#### Information supplied
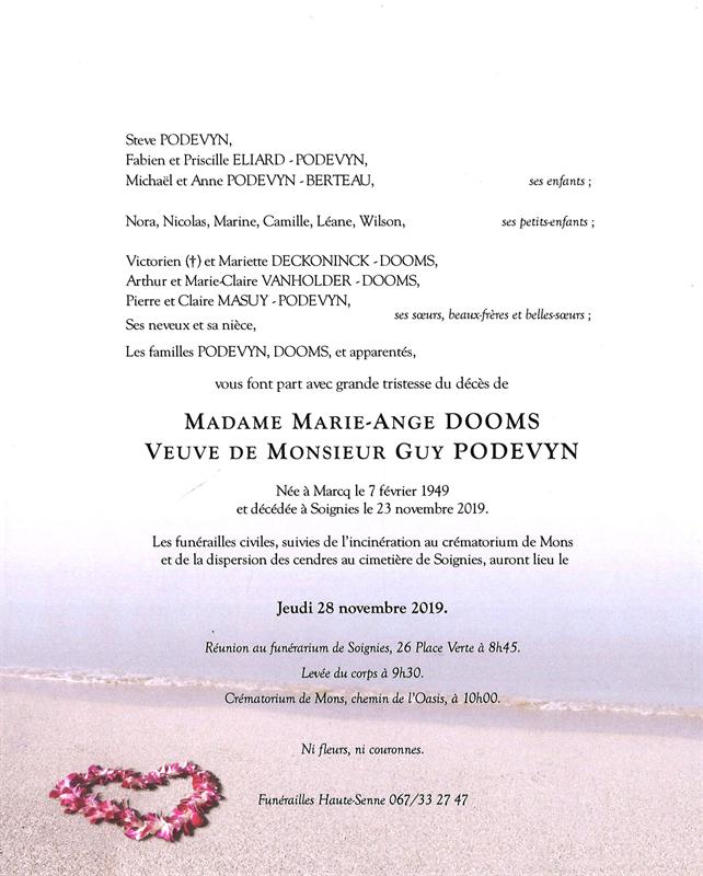 Died in Soignies (7060) on 23 November 2019 at the age of 70 years
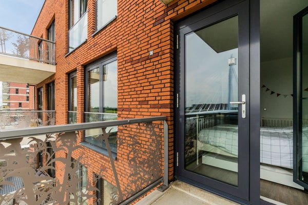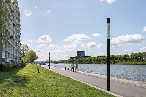 Entrata, corridoio centrale con armadietto contatore, bagno moderno con doccia a filo pavimento, lavabo e armadio a muro, ampio ripostiglio con spazio per la lavatrice, ventilazione meccanica e spazio sufficiente per posizionare eventualmente un congelatore aggiuntivo. Toilette separata con lavabo. Ampia camera da letto anteriore con accesso a un delizioso balcone soleggiato con vista libera sul canale Amsterdam-Reno.
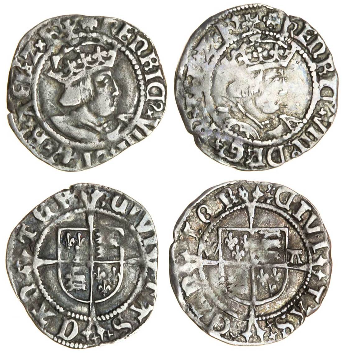 Henry VIII (1509-47), second coinage, Halfgroats (2), Canterbury under Archbishop Warham, 1.32g, m.m. Warham’s uncertain mark/-, henric viii di g r agl z f, reversed Roman d for c, saltire stops, crowned bust right, rev. civi tas can tor, saltire stops, shield over long cross fourchée, saltires in forks; 1.30g, as previous, but w a beside shield and no saltires in forks (N.1803, 1802; S.2344, 2343; Stewartby p.472), fine to nearly very fine, rare with Roman letters (2)
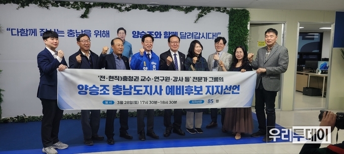 3월 29일 양승조 충남도지사 예비후보 캠프에 따르면 전날(28일) 충청권 교수·연구원·강사·전문가 85명이 더불어민주당 양승조 충남도지사 예비후보에 대한 지지를 선언했다고 밝혔다.
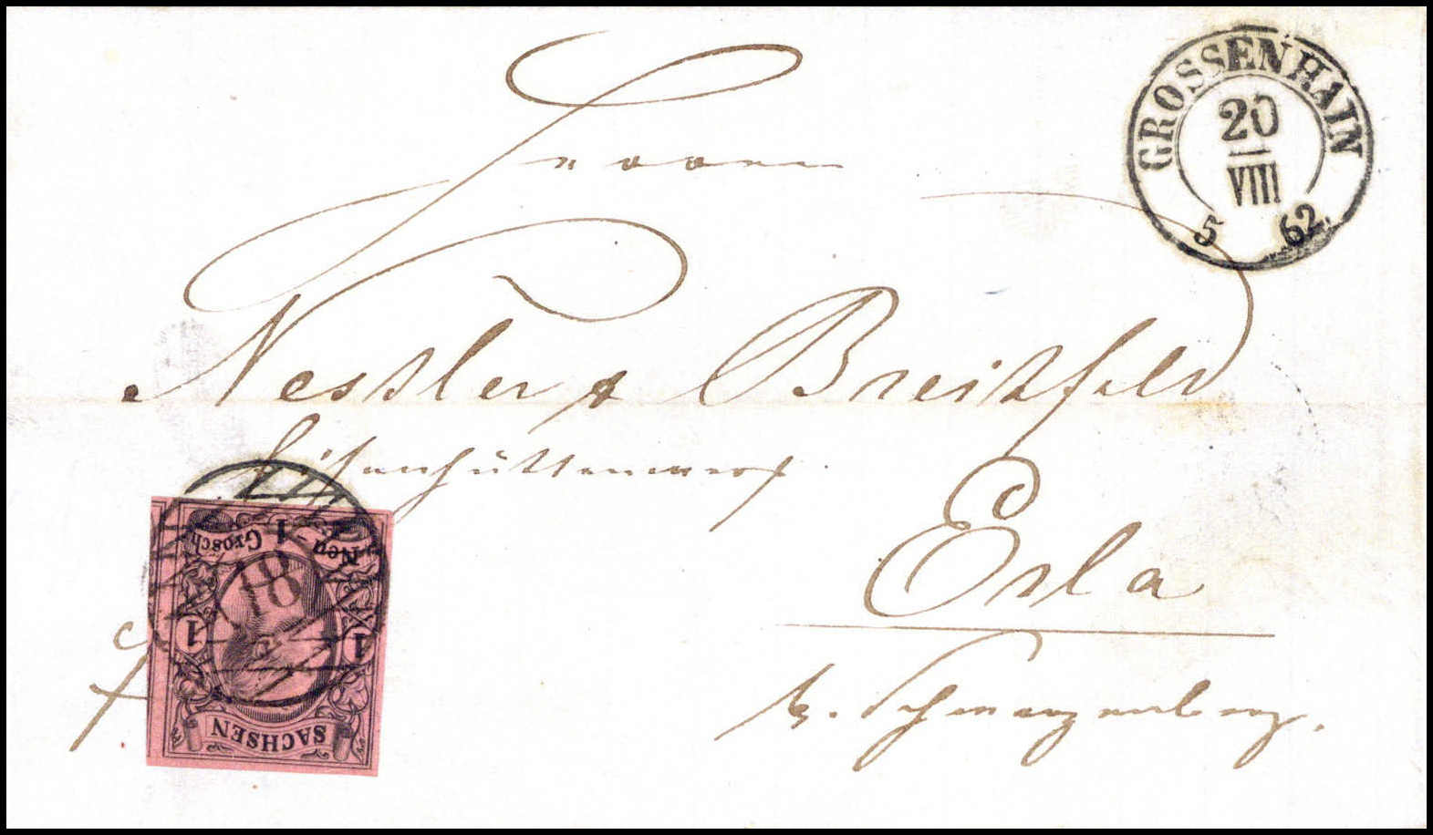 1 Ngr., breitrandiges Kabinettstück mit klarem Stempel "18" GROSSENHAIN auf Brief nach Erla. Katalogpreis: 280,-
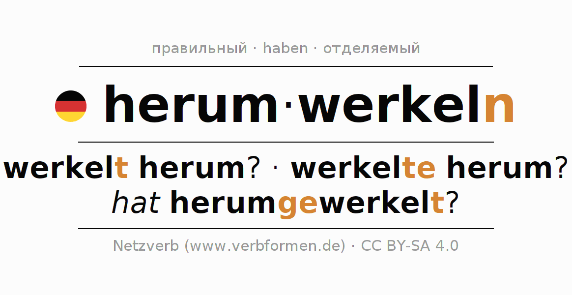 Спряжение herumwerkeln в Претеритум Индикатив Прошлое время Действительный залог (актив): werkelte ich herum?, werkeltest du herum?, werkelte er herum?, werkelten wir herum?, werkeltet ihr herum?, werkelten sie herum?.Образование этих форм происходит по определённым грамматическим правилам. Так же спрягаются простые глагольные формы herumwerkeln в Претеритум. Kомментарии ☆

#### Work to complete
Print the lines from the beginning of the records up to and including the line containing "Entrata, corridoio centrale", word for word, with no pictures.

#### Task solution
 Died in Soignies (7060) on 23 November 2019 at the age of 70 years
 Entrata, corridoio centrale con armadietto contatore, bagno moderno con doccia a filo pavimento, lavabo e armadio a muro, ampio ripostiglio con spazio per la lavatrice, ventilazione meccanica e spazio sufficiente per posizionare eventualmente un congelatore aggiuntivo. Toilette separata con lavabo. Ampia camera da letto anteriore con accesso a un delizioso balcone soleggiato con vista libera sul canale Amsterdam-Reno.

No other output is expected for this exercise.